Es más bien respuesta y contrataque a un sistema contra el que el cuerpo se
insurrecta.

El nombre de Ludditas, viene de una leyenda, un personaje de fantasía


llamado Ned Ludd, “un muchacho hilandero que rompió su telar porque no le salía
bien el tejido”. El cuerpo al mando entonces, encuentra como solución, la locura
alegre, la destrucción de todo el orden, del yo racional, de sus deberes, de sus
aspiraciones, de su vivencia y de su producción.
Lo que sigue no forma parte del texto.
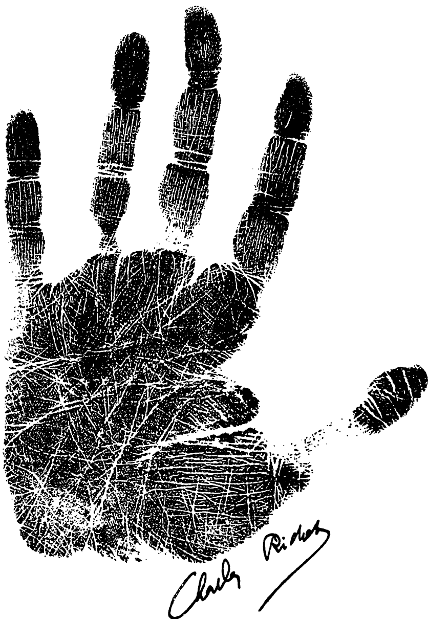
Le professeur Charles RICHET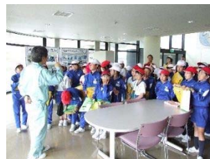
「下水道ふれあいバス」助成事業の実施風景（平成26年度）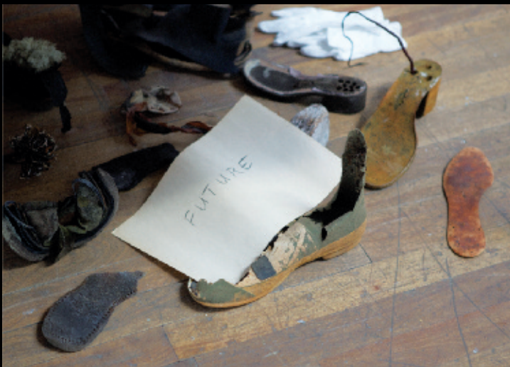
Elle marche. Blue Mountain , 2012, exposition performative, Oboro, Montréal (détail d'installation).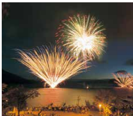
支笏湖湖水まつりの花火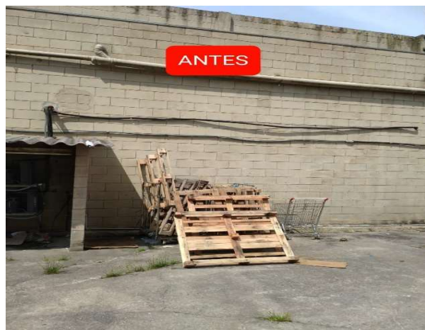
ANTES - PARTE EXTERNA DA LOJA DESORGANIZADA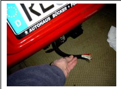
Kabelbaum ein Stück herausziehen (zur leichteren Montage)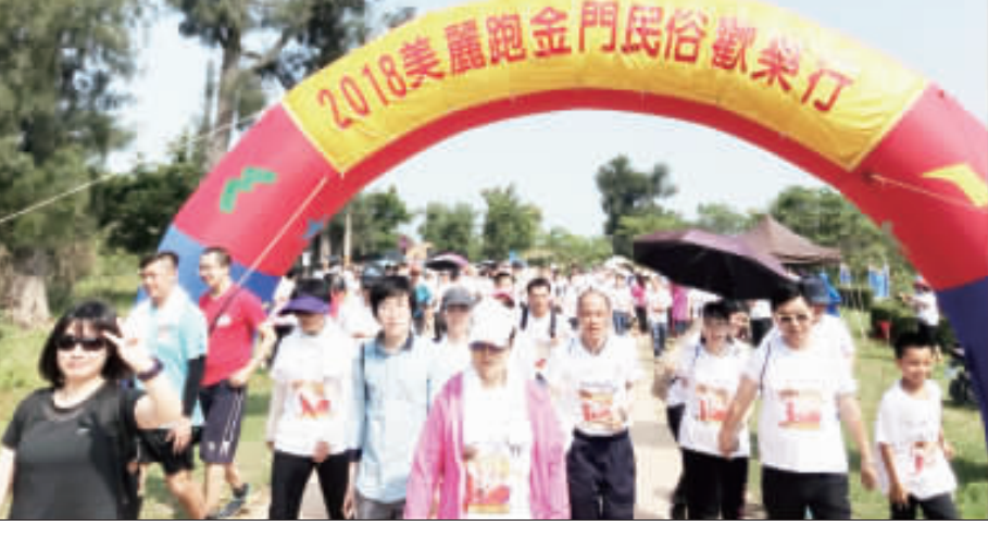
移民署今年1月份陸續放寬小三通便利措施，這項新措施使得辦證更加方便快捷，衝刺小三通人數與陸客人數持續攀升。

記者李增注／綜合報導 小三通人數近期持續成長，據移民署統計資料顯示，小三通入出境1-5月累計達714,000人次，較去年同期增加1,900人次，佔1.2%，其中台灣旅客計52,900人次，佔7.4%，大陸旅客計66,100人次，佔9.3%，外籍旅客計4,900人次，佔0.7%。而陸客之中，入境計46,500人次，較去年同期增加1,000人次，增加2.2%。其中，以落地簽入境計21,400人次，較去年同期增加1,000人次，增加4.7%。 近年，在陳縣長積極遊說與爭取之下，移民署今年1月份陸續放寬小三通便利措施，這項新措施使得辦理更加方便快捷。尤其自4月20日起，廈門兩門旅遊部門，共同啟動「金廈旅遊節」系列活動，如海峽旅遊博覽會、2016海峽兩岸及港澳地區名導論、金廈跨越海峽越野行走活動、金廈美麗跑之金門民俗歡樂跑等，再加上5月金門平安祈禱季與「滄島邑」古城慶慶治三百三十八週年一等，衝刺小三通人數與陸客人數持續攀升。 縣府觀光處表示，現在觀光旅遊已趨多樣化，不再只是走馬看花，更重要的是融入體驗與在地生活，尤其金門特有之區區、閩南、僑鄉、酒鄉、宗教、宗族與聚落優勢，在在都能吸引兩岸三地之觀光客。未來持續透過行銷包裝、在地活動與體驗旅遊，打造屬於金門之在地觀光。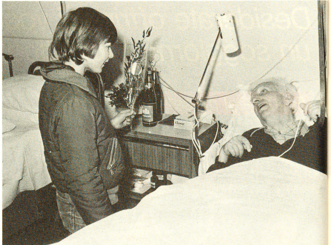
Da anni, in occasione della Giornata del malato, i volontari della Croce Rossa offrono fiori ai lungodegenti ricoverati in ospedali e in case di cura. Lo scorso 6 marzo sono stati consegnati 30 000 mazzi. Con l'azione fiori, CRS e le sue 69 sezioni regionali intendono incoraggiare altre persone a visitare i malati, non solo nella prima domenica di marzo, ma durante tutto l'anno.

Nel reparto cure intense di un ospedale ci sono pazienti che forse la vigilia erano ancora occupati alle loro faccende abituali. Ad esempio B, un ragazzo di vent'anni, e la sua amica: hanno avuto un grave incidente di motocicletta. Al giovane, i medici hanno dovuto amputargli una gamba. B giocava al calcio da semi-professionista. Dopo aver guardato innumerevoli volte sotto la coperta, incapace di rendersi conto di quanto gli era accaduto, incominciò a scherzare, di-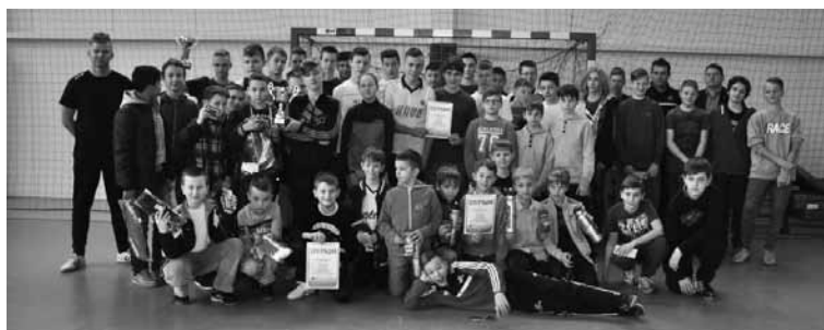
Ekipy rywalizujące o puchar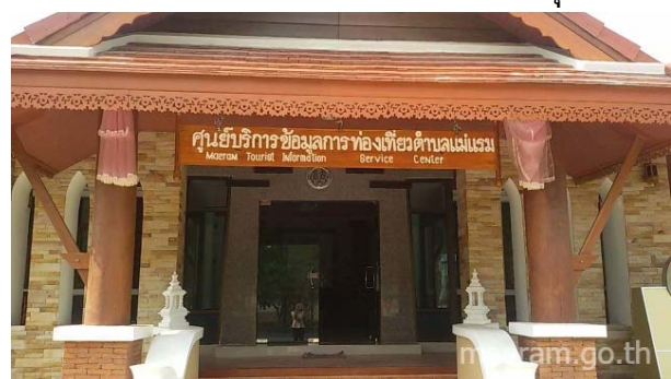
(ทต.แม่แรม-ตั้งศูนย์บริการนักท่องเที่ยว)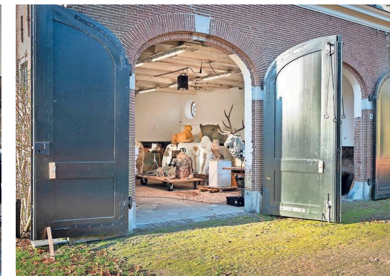
De deuren van het koetshuis staan uitnodigend open.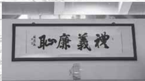
圖書館內的書法作品

在每層樓的牆壁上，隔一段距離就掛了一幅畫作，果然是匯集了人文薈萃的地方！這裡的空間之大，遠超出我想像，也不知是不是我方向感過於差勁，一排排的書架彷彿迷宮，我差點就迷失了方向！可見這裡的藏書之多啊！我找到喜歡的書後，便席地而坐，埋頭就進入書中世界，全然沒想到時間悄悄溜走了。直到口袋裏不斷的震動，才提醒我集合時間到了。我依依不捨的離開圖書館，經過了幾個青色沙發，我才發現自由活動半個小時，我竟沒好好在沙發懷抱中享受他它的舒適，畢竟圖書館除了有讀書氛圍，懷有悠閒的情致也是很重要的。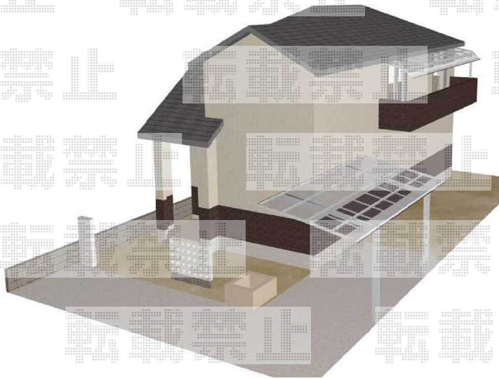
新設バルコニー屋根

トステム カーポートシグマIII 積雪~30cm対応 幅=2,701mm 奥行=5,686mm 色：シャイングレー 屋根材：ポリカーボネート（ブラウン） 柱仕様：ロング柱23仕様（有効高 約2,300mm） オプション：着脱式サポート（2本入り）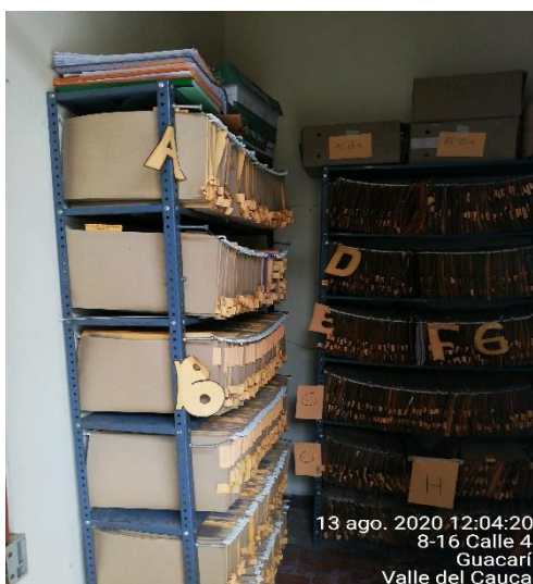
Imagen No. 1

Se adjuntan imágenes del estado del archivo de los procesos de cobro, indistintamente de su génesis: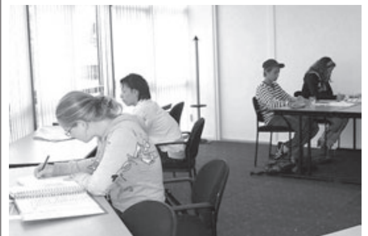
Study Consultancy gaat met examentraining en de combinatie naar sport verder dan alleen huiswerkbegeleiding en bijles

Nieuw bij het Servicepaspoort is het thema 'gezonde voeding tijdens en na de zwangerschap'. Eind augustus kan deze thema-avond bijgewoond worden in Heemstede. Voor meer informatie en/of aanmelding kunt u bellen naar het Servicepaspoort: telefoon 023-8918 440 of ga naar www.servicepaspoort.nl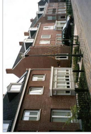
Gevarieerd gevelbeeld binnen één bouwmassa en dieptewerking door de toepassing van erkers.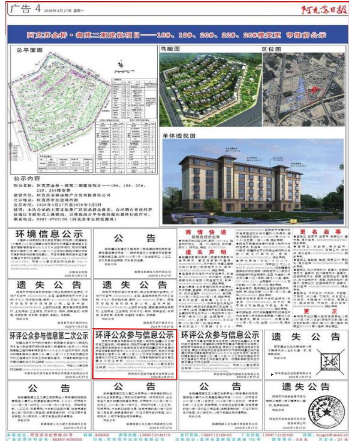
3-2 2026年4月27日《阿克苏日报》公示情况

在网络公示的同时，我公司于2026年4月27日、2026年4月28日在《阿克苏日报》上发布了项目环境影响报告书公示信息，报纸公示照片见图3-2至图3-3。

De la manera de entender a la
enfermedad como opuesto a lo sano, de su forma de relacionarse con el
medicamento, y de la dicotomía cuerpo vs. mente.

Quizás ya no la llamaré más ansiedad, sino eso, máquina de guerra contra


la razón. Que destruye todo, que hace todo mierda, que está dispuesta a hacerse
arder a si misma, si con eso se destruye el conjunto productivo en el que no está
dispuesta a trabajar. Como máquina de guerra, de destrucción, su propuesta está
en quemar todo ello, y luego re pensarlo desde otras ficciones, repensarse desde
otros papeles.

No sé si todo esto me ayude. No sé si la próxima vez que vida la ansiedad,


este escrito me ayude. No sé qué nueva relación debo establecer desde esta
reflexión, por ejemplo, con el medicamento. Quizás la anote con letras grandes en
letreros que estén a la vista, para cuando viva la ansiedad con mucha potencia una
vez más. O quizás esto no funcione como algo emergente, sino como la base para
ir pensando nuevas formas de vivir sin la auto explotación y auto exigencia. Quizás
no deba esperar a que la máquina queme. Quizás, ahora que la máquina está
tranquila, empezar a construir otras cosas.